Muss has gone through so much, not only the trauma of his health incident but a full career as a snowboarder. And, yes, he did make it to the Olympics – just like he told his mum he would!
He took part in the 2018 Winter Olympics in South Korea for Team USA in parallel giant slalom and, although he isn’t officially retired from that sport yet, you get the feeling it’s not far away.
“I’ve had a lot of injuries and a lot of surgeries,” he reflects. “I’ve been under the knife a ton and my body isn’t holding up as well as I’d like. It’s just the name of the game.
“I’ve broken my back five times, I’ve had six or seven procedures that have taken a toll. I can snowboard for three days of training and racing but then I have to take two days off because I can barely walk. I even struggle to get out of bed.
“Racing is a lot easier on my body, and with age comes a cage! I wanted a new chapter in my life. I achieved my goals in snowboarding, although I didn’t win a medal at the Olympics and I never won an overall title in the World Cup.
“But I had plenty of success up there, won a lot of races and I’m grateful. I’m enjoying being a student again. Last year was my freshman year [in car racing] and now I’m a sophomore and learning so much. I enjoy not being the best at something but fighting for it, to get there one day.”

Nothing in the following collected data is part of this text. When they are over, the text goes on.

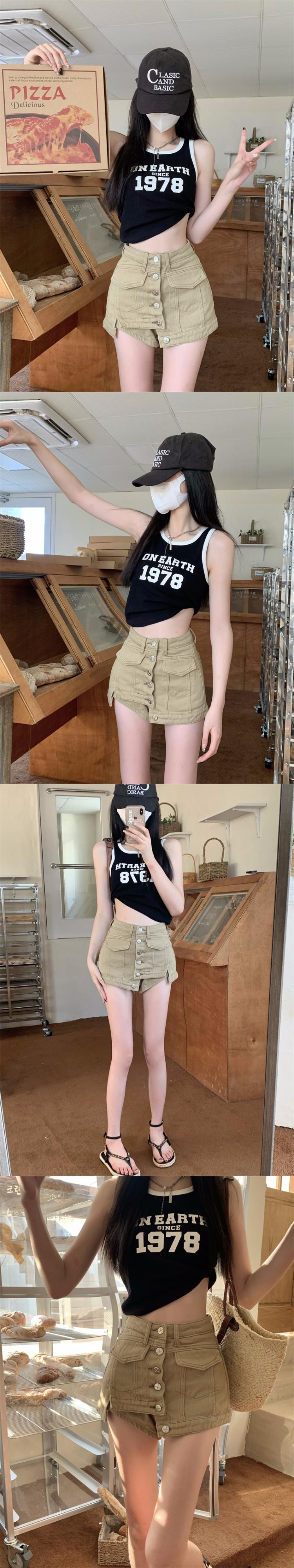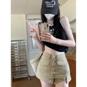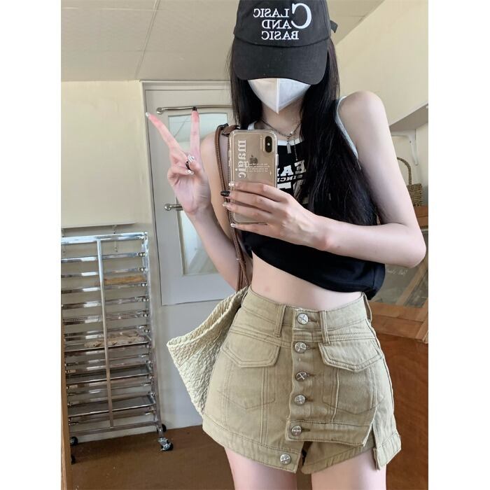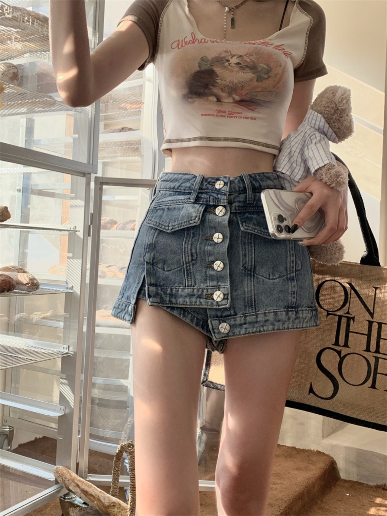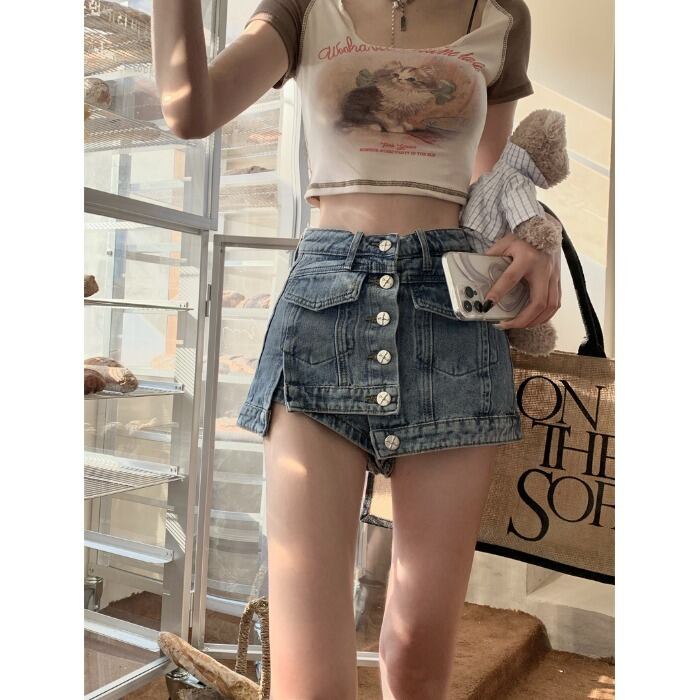 Hot tooling jeans women's summer pants 2022 new design breasted shorts skirt high waist slim pants ハイウェスト サマー 夏物 ショーツ ブルマー スカート スリム 0921964984625769
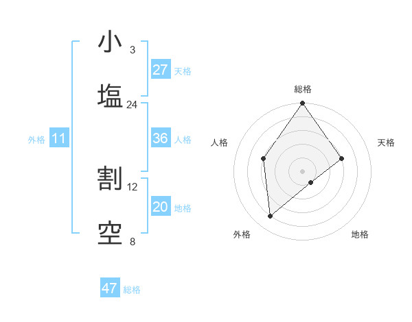 小塩 割空さんの総格は47画の5点!
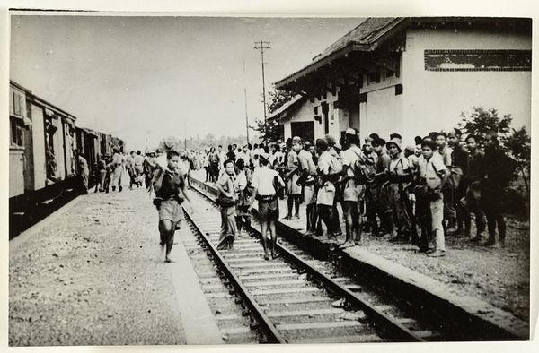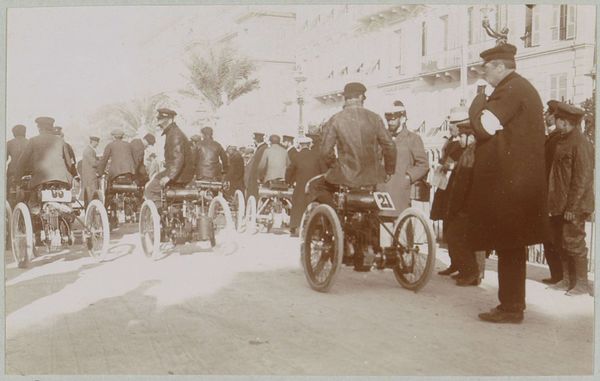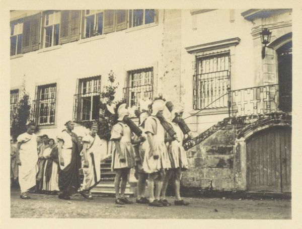 Editor: This is a photograph from 1916, "Members of an international mission at the front in the Dolomites," a gelatin-silver print by Henri de Rothschild. It depicts a group of uniformed men in front of a building. I'm struck by the uniformity of their dress despite the supposed internationality and the…muddy quality of the ground they're standing on. What catches your eye in this image? Curator: I see a fascinating document of production. Consider the gelatin-silver print – a relatively modern process at the time. It allowed for mass production and dissemination of images. Rothschild, embedding himself in this mission, documents not just the officers but the logistical network of image-making. The mud you note is integral – it's the very substance these men are fighting over, the material foundation of the conflict and subsequently, this image's production as propaganda. The uniformity isn’t a negation of their different nationalities, but rather an acknowledgement of them working together to reach similar means. Editor: So you’re saying the process of making the image is almost as important as what the image shows? Curator: Exactly. What kind of labour was necessary to record such events, reproduce these photographs and, considering Rothschild’s wealth, to disseminate these images so widely during a war largely fueled by industrial production? Editor: That's an interesting point. It highlights the connection between art, manufacturing and its use for cultural documentation as well as war. I’d never thought of photography in quite that light. Curator: Consider the global network required for materials, distribution, and consumption of such images; photography is itself a material component to modern conflict. Editor: Looking at it that way gives a whole new appreciation for the role that even something like a photograph can play in such a large conflict. Curator: Precisely. By understanding the mechanics of its making, we can appreciate this piece less as simply an historical record, but as an intricate cog in the war effort itself.
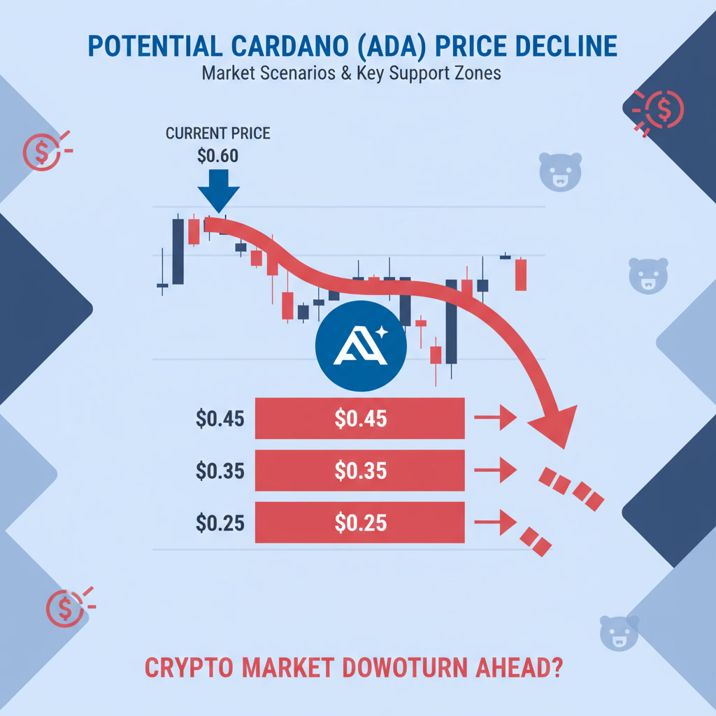 • Scenario 1 – Moderate decline to $0.35–$0.45: The most likely path (~60 % probability) is that ADA slides from its current ~$0.52 level to around $0.35–$0.45. This would represent a roughly 30-35 % drop.
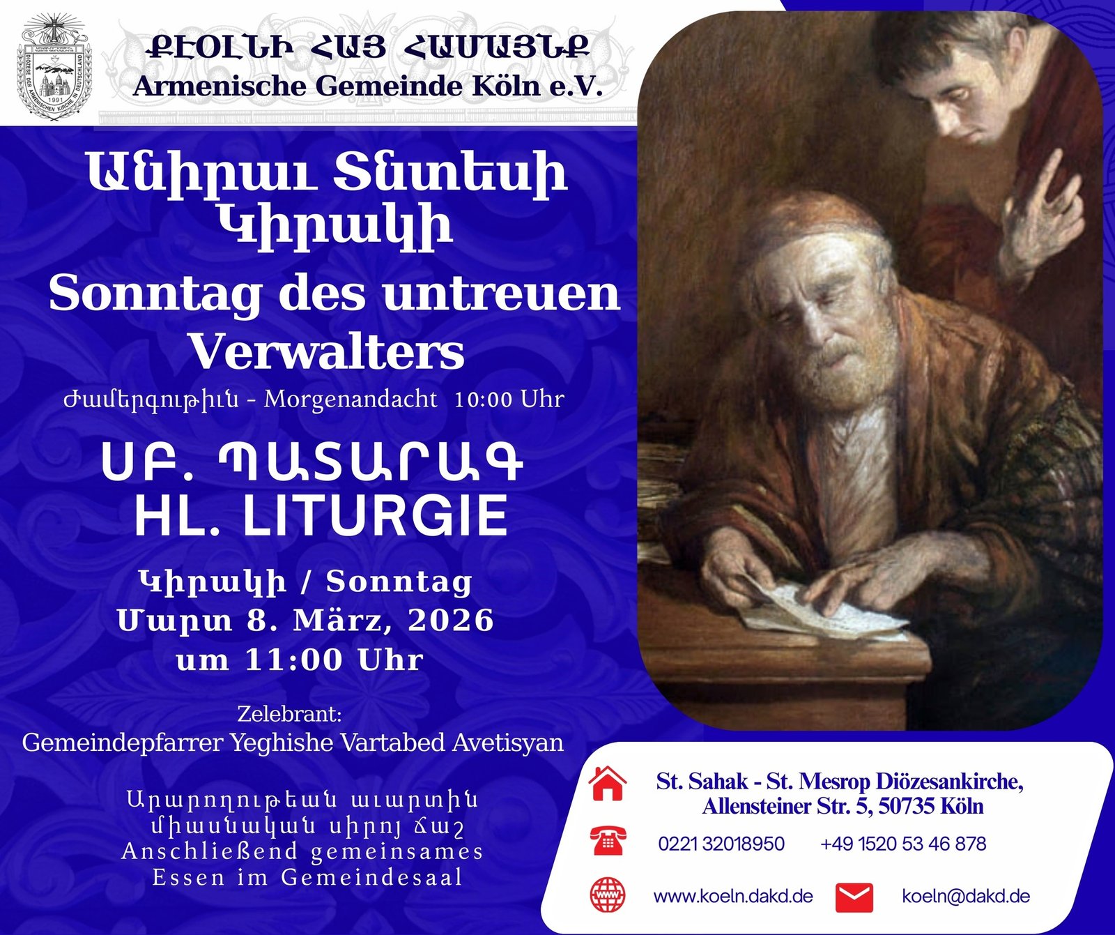 Սբ. Պատարագ Hl. Liturgie Անիրաւ Տնտեսի Կիրակի Sonntag des untreuen Verwalters

After starting out by having fun in drifting – he’s also a licensed skydiver with over 500 jumps under his belt as well as 250 wing suit flights – AJ began racing properly in 2021 with the Copeland Motorsports Hyundai TCR squad. This year, Muss has moved up to the factory team and he’s determined to make his name.
“Racing has become quite a passion for me and my career now,” he says. “I’m nowhere near the peak: I’m still gaining tenths not thousandths. I’m well aware of the margins and where I need to be. But I’m also aware that I’m competitive against people who grew up in go-karts. I’ve been in a racecar for just two years.
“I think I’m good at accepting that I don’t know everything, I’m willing to learn, and I reckon even Max Verstappen learns small things every day! The smartest man in the room is the quietest man because he’s listening. I’m coachable, and even if I don’t agree with an idea, I’ll at least try it.
“I’ve competed at the highest levels in another sport, and 80 percent of this is mental. We all have the skills to drive, but it’s how you achieve those goals mentally, that’s the key.”
Muss also says he’s noticed a big step change in racing for Herta’s squad, which is working in his favor.
“Coming to the factory program I’ve gained so much knowledge, there’s so much support – the engineering and support from the guys at BHA,” he says. “Bryan is phenomenal. He’s not just a team owner, he’s a friend and a mentor. He wants the best for us. He says, ‘You might not always be with us, but you’ll leave here better than you arrived.' I just wanna be here forever!
“I love sportscars. The other cars are your enemies but your teammates are your best friends. It’s not like open wheel, where your teammate is your frenemy!
“My goal is to become a fulltime factory driver one day. If it’s with Hyundai, that would be awesome. I want to drive Spa-Francorchamps. I want to drive Le Mans, Daytona and, I think… [he hesitates slightly for the first time in our interview] maybe the Nordschleife but I don’t know how well that would go with my short-term memory! It’s such a long track…
“I want to be that IMSA driver who gets called up to race overseas. I lived in Europe for four years and I love it there. But I just want to race cars. Race cars and have fun.”
His story is as remarkable as I’ve heard first-hand – up there with Mika Hakkinen on his near-fatal Adelaide crash and Ari Vatanen on his Rally Argentina shunt. Like them, he’s clearly a single-minded fighter and, at just 27, who knows where his second sporting career might lead?